Troubleshooting Scheduling Issues

Pod stuck in Pending — "0/N nodes are available"
# Full scheduling failure reason
kubectl describe pod my-pod | grep -A 30 "Events:"
# Common messages:
# "0/5 nodes are available: 2 Insufficient cpu, 3 node(s) had taint..."
# "0/5 nodes are available: 5 node(s) didn't match pod's node affinity/selector"
# "0/5 nodes are available: 5 pod has unbound immediate PersistentVolumeClaims"

# Check node resources and allocatable
kubectl describe nodes | grep -A 8 "Allocated resources"

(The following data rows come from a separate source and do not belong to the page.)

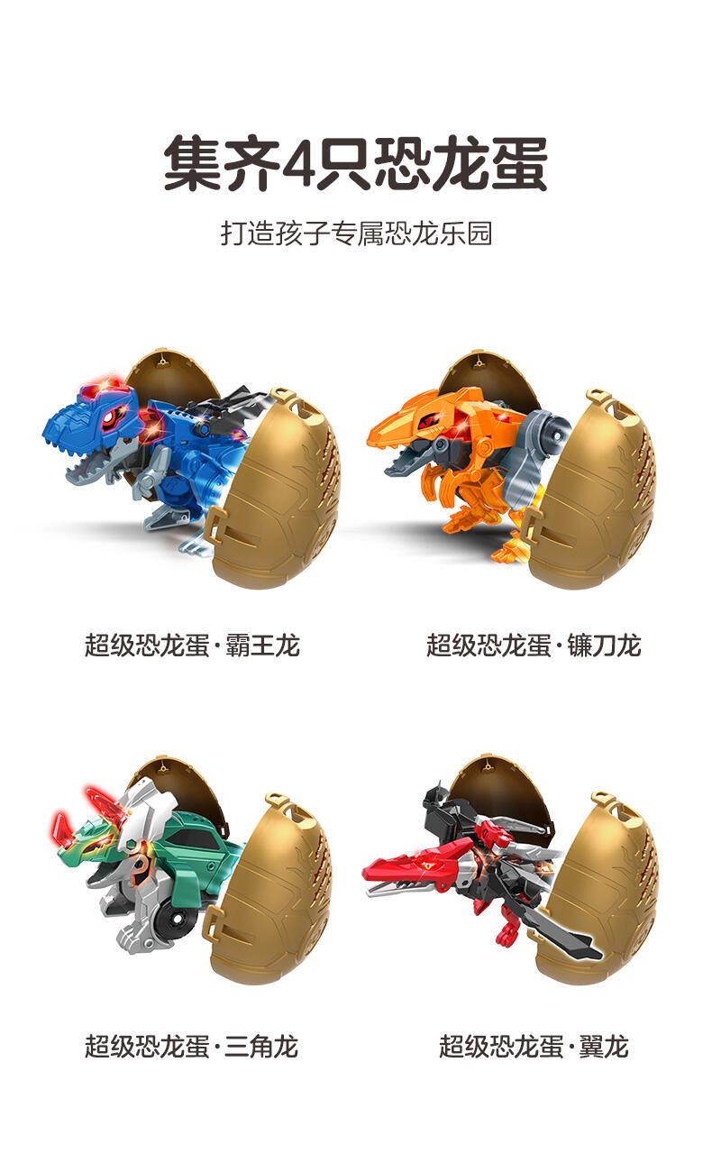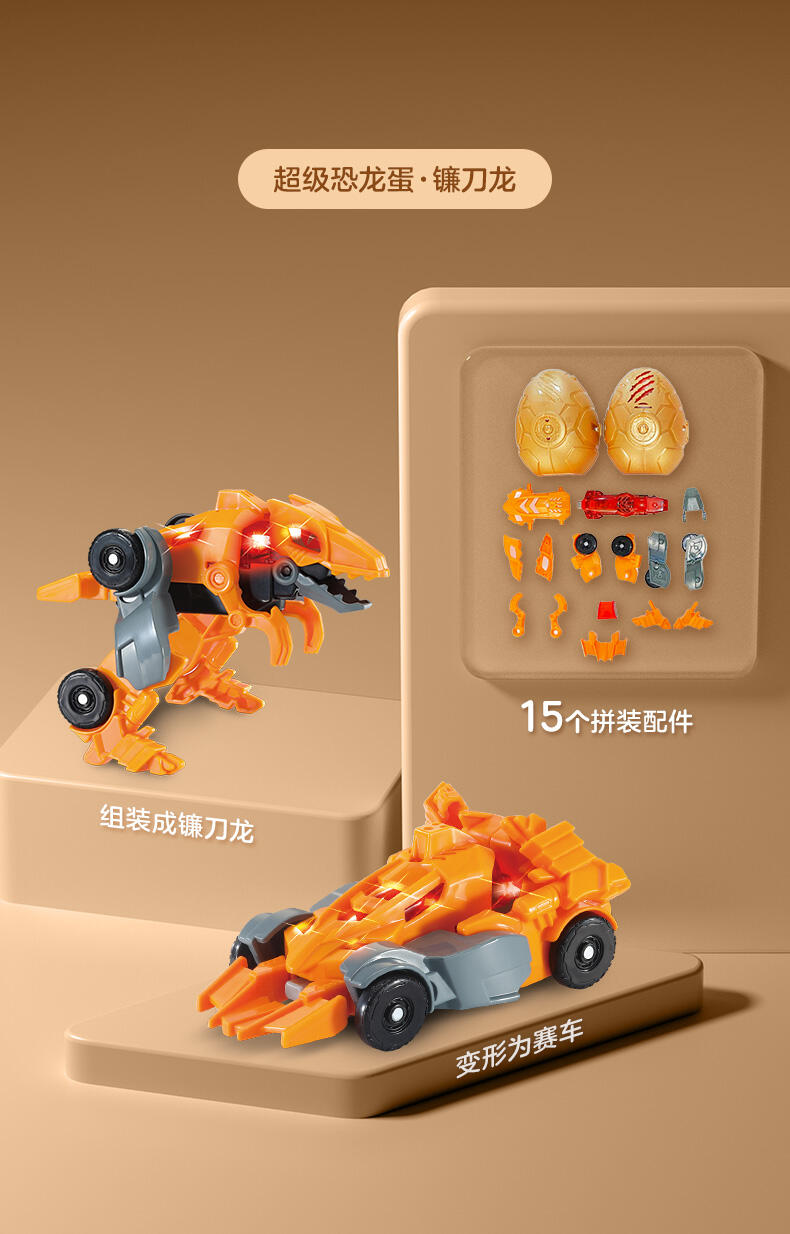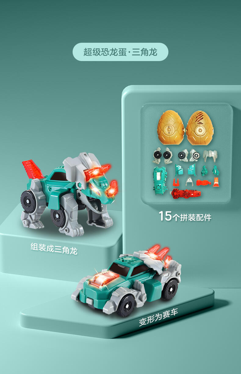 恐龙蛋里有配件,可以组装成恐龙,并且可以变形成汽车,有恐龙和汽车两种形态的语音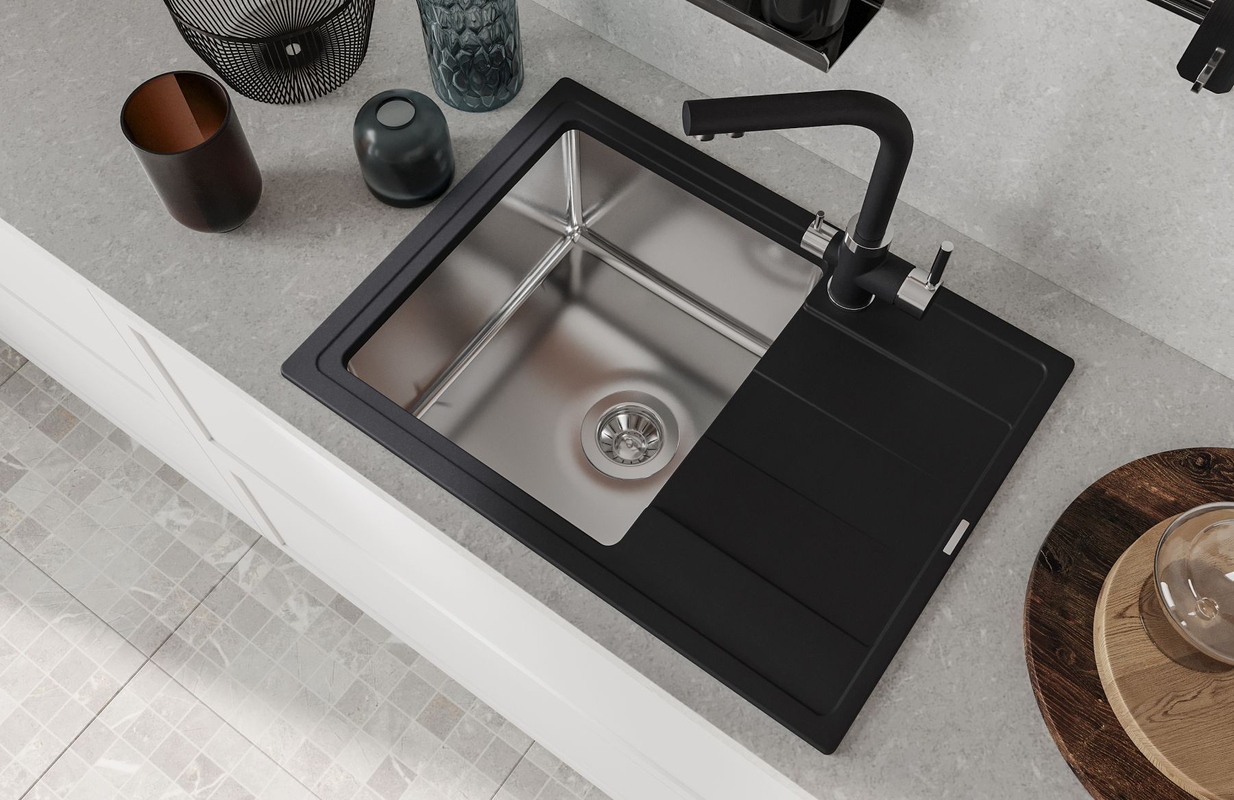Цвет грей (серый) подходит к столешницам разных цветов от светлых до темных, отлично будет сочетаться грей на темных столешницах.
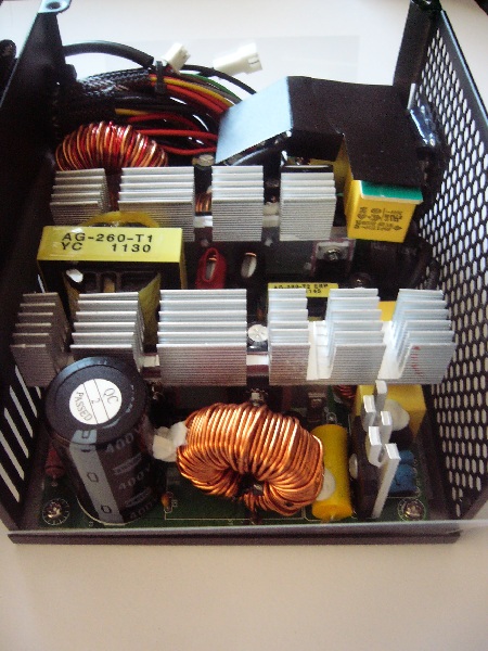 Pagrindinis kondensatorius yra pagamintas Taivano firmos „Teapo“. 400 V kondensatoriaus elektrinė talpa yra 330 μF. Kondensatorius „atlaiko“ maksimalią 85 °C temperatūrą. Tai nėra pakankamai daug, nes iš aukštesniosios klasės gaminių galime tikėtis sklandaus darbo esant ne aukštesnei nei 105 laipsnių temperatūrai. Bloke randame įmontuotą vieną didesnį bei vieną mažesnį transformatorius.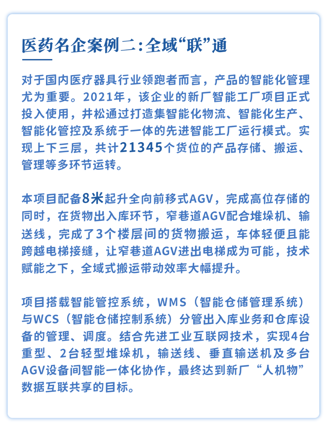 曾先后与小松集团、swisslog等全球著名的物流企业开展技术及业务合作,在消化国外先进技术的基础上开发了堆垛机、穿梭车(RGV)、空中悬挂小车(EMS)、激光导航无人小车(AGV)、智能托盘车、桁架机器人、移动视觉导航机器人、自动化分拣系统及WMS、WCS、MES等自动化物流管理软件,拥有完整的物流装备产品线。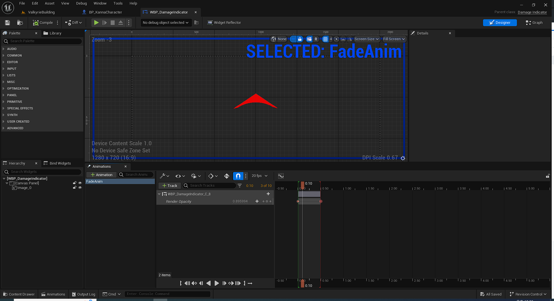 UserWidget을 부모로 하는 블루프린트를 만들어 WBP_DamageIndicator라 짓고, 구글링으로 찾은 적절한 이미지를 가져와 다음과 같이 배치하였다.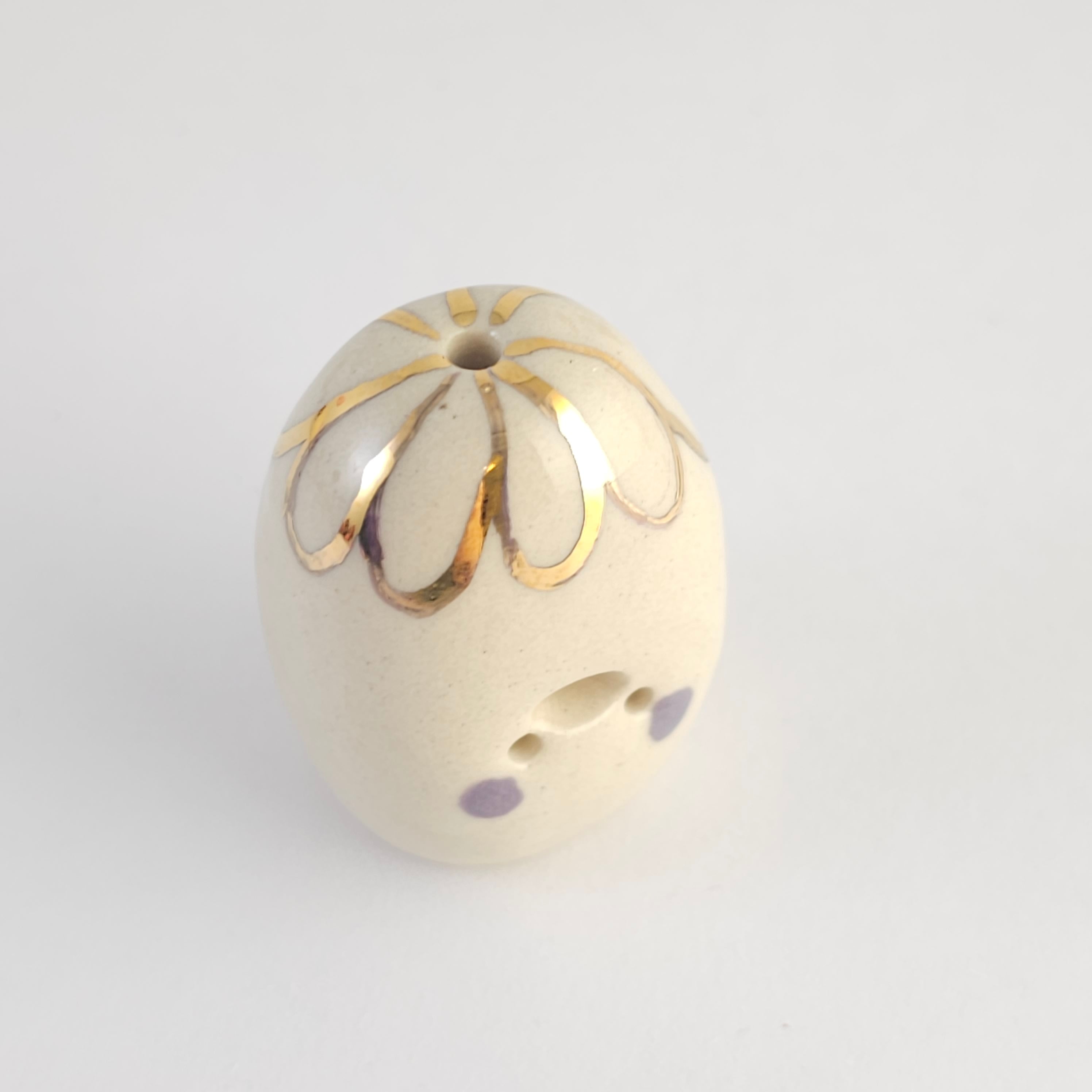 Ceramics from the Golden Dots Collection are painted with luster details when they are finished, and then fired for a third time. The high temperatures in the kiln burn the luster and leave a bright, 24-carat gold layer on top of the glaze
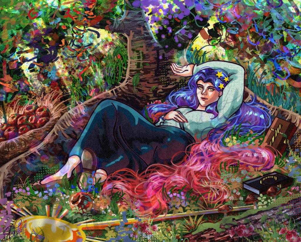 Reposo en medio del bosque de un personaje ficticio de mi autoría

# Check if nodes are cordoned
kubectl get nodes | grep SchedulingDisabled

# Check taints on nodes
kubectl get nodes -o custom-columns=NAME:.metadata.name,TAINTS:.spec.taints

# Check if the pod's resource requests are too high
kubectl get pod my-pod -o jsonpath='{.spec.containers[*].resources}'
Pod stuck in Pending — PVC binding issue
# Check PVC status
kubectl get pvc
kubectl describe pvc my-pvc
# Look for: "waiting for first consumer to be created before binding"
# This is normal for WaitForFirstConsumer StorageClass — PVC binds AFTER scheduler picks node

# Check StorageClass binding mode
kubectl get storageclass standard -o jsonpath='{.volumeBindingMode}'
# Immediate = PVC bound before scheduling (may conflict with zone affinity)
# WaitForFirstConsumer = PVC bound after scheduling (node zone determines PVC zone)

# Volume scheduling logs
kubectl -n kube-system logs kube-scheduler-master-1 | grep -i "volume"
Pods not spreading evenly across zones
# Check existing topology spread
kubectl get pods -l app=my-app -o wide | awk '{print $7}' | sort | uniq -c

# Check if topologySpreadConstraints are set
kubectl get deploy my-deploy -o jsonpath='{.spec.template.spec.topologySpreadConstraints}'

# Check zone labels on nodes
kubectl get nodes --show-labels | grep topology.kubernetes.io/zone

# If using old pod anti-affinity instead:
# Migrate to topologySpreadConstraints for better performance and flexibility

# Check scheduler logs for spread scoring
kubectl -n kube-system logs kube-scheduler-master-1 -v=4 | grep TopologySpread
Scheduler performance — high latency / slow scheduling
# Check scheduling attempt duration
kubectl get --raw /metrics | grep scheduler_scheduling_attempt_duration

# Common causes of slow scheduling:
# 1. InterPodAffinity with large pod counts — migrate to topologySpreadConstraints
# 2. percentageOfNodesToScore too high — reduce for large clusters
# 3. Too many Score plugins with high weight — profile and trim
# 4. Custom webhook in Permit extension point — check latency

# Increase parallelism for large clusters
# In KubeSchedulerConfiguration:
parallelism: 32  # default 16, increase for 1000+ node clusters

# Check if scheduler leader is healthy
kubectl -n kube-system get lease kube-scheduler -o yaml | grep holderIdentity
Preemption not working as expected
# Check if priority classes are set correctly
kubectl get priorityclass
kubectl get pod high-priority-pod -o jsonpath='{.spec.priority}'

# Check if PDB is blocking preemption
kubectl get pdb -A
kubectl describe pdb my-pdb | grep -E "Allowed Disruptions|Status"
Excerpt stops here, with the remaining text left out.